■ EXERCISE GOAL:
The copy should hold exactly the lines below from the one that contains "600mm,下遊的直管段至少在5D≈400mm,D=80mm 為管道直徑。圖2為現場安裝圖,流量計上遊僅為600mm <1" through the one that contains "Shimmering Silver Elegance" and nothing else, so no pictures.

■ PROVIDED MATERIAL:
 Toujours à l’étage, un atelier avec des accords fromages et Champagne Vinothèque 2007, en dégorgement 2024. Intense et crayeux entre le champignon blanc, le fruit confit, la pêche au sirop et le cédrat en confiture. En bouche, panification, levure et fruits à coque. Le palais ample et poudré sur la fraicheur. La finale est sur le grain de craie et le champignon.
---
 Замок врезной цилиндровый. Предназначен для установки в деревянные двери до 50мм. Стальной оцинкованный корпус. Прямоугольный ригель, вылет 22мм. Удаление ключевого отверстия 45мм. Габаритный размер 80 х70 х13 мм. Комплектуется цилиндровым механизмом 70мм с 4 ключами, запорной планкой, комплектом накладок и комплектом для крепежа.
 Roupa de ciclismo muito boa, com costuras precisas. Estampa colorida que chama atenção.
...
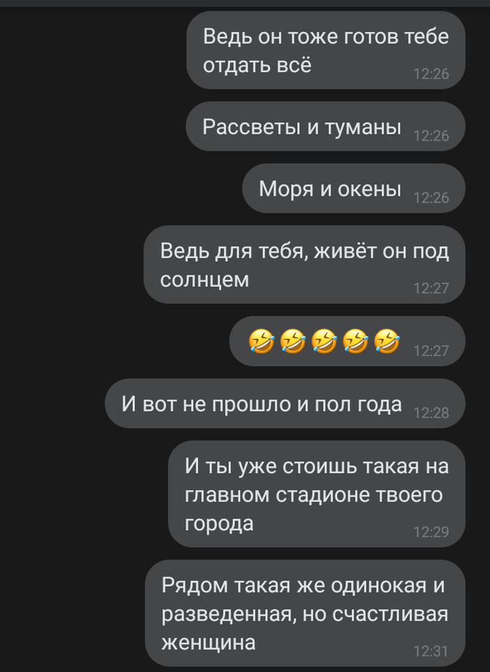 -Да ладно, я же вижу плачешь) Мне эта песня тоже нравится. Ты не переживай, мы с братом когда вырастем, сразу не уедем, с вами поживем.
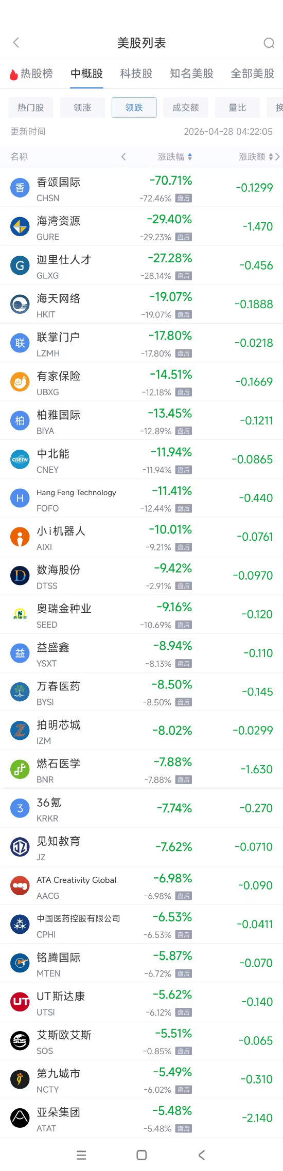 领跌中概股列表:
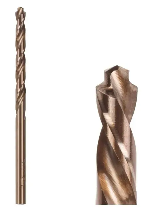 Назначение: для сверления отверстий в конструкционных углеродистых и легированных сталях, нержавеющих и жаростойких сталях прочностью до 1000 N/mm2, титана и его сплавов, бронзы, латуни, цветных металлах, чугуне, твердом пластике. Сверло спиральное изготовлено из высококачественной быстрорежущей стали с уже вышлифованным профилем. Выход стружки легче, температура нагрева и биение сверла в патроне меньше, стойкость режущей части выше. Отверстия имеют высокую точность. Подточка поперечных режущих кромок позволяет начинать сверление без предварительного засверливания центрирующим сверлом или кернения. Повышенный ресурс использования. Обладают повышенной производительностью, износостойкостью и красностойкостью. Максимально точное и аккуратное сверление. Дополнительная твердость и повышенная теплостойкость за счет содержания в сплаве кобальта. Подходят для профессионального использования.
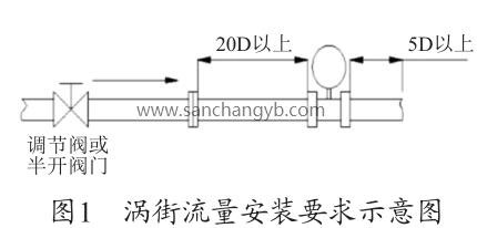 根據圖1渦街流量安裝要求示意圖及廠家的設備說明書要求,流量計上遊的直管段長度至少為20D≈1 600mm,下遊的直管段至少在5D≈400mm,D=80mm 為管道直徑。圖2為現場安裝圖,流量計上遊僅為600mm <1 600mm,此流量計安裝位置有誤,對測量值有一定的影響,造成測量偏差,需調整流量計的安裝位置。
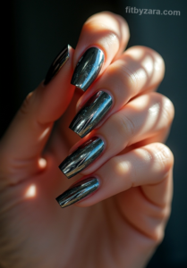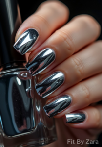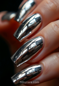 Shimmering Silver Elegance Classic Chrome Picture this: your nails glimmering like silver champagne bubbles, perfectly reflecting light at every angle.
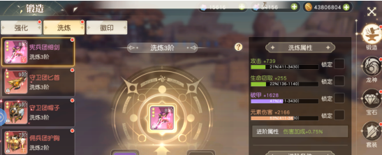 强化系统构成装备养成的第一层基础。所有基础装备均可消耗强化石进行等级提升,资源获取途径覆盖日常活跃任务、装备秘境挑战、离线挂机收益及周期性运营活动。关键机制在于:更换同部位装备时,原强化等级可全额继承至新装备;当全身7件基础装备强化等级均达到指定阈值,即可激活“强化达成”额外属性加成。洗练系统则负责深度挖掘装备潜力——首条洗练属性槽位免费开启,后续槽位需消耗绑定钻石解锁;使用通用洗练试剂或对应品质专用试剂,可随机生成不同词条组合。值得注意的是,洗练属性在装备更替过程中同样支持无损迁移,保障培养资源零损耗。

■ ANSWER SECTION:
 根據圖1渦街流量安裝要求示意圖及廠家的設備說明書要求,流量計上遊的直管段長度至少為20D≈1 600mm,下遊的直管段至少在5D≈400mm,D=80mm 為管道直徑。圖2為現場安裝圖,流量計上遊僅為600mm <1 600mm,此流量計安裝位置有誤,對測量值有一定的影響,造成測量偏差,需調整流量計的安裝位置。
 Shimmering Silver Elegance Classic Chrome Picture this: your nails glimmering like silver champagne bubbles, perfectly reflecting light at every angle.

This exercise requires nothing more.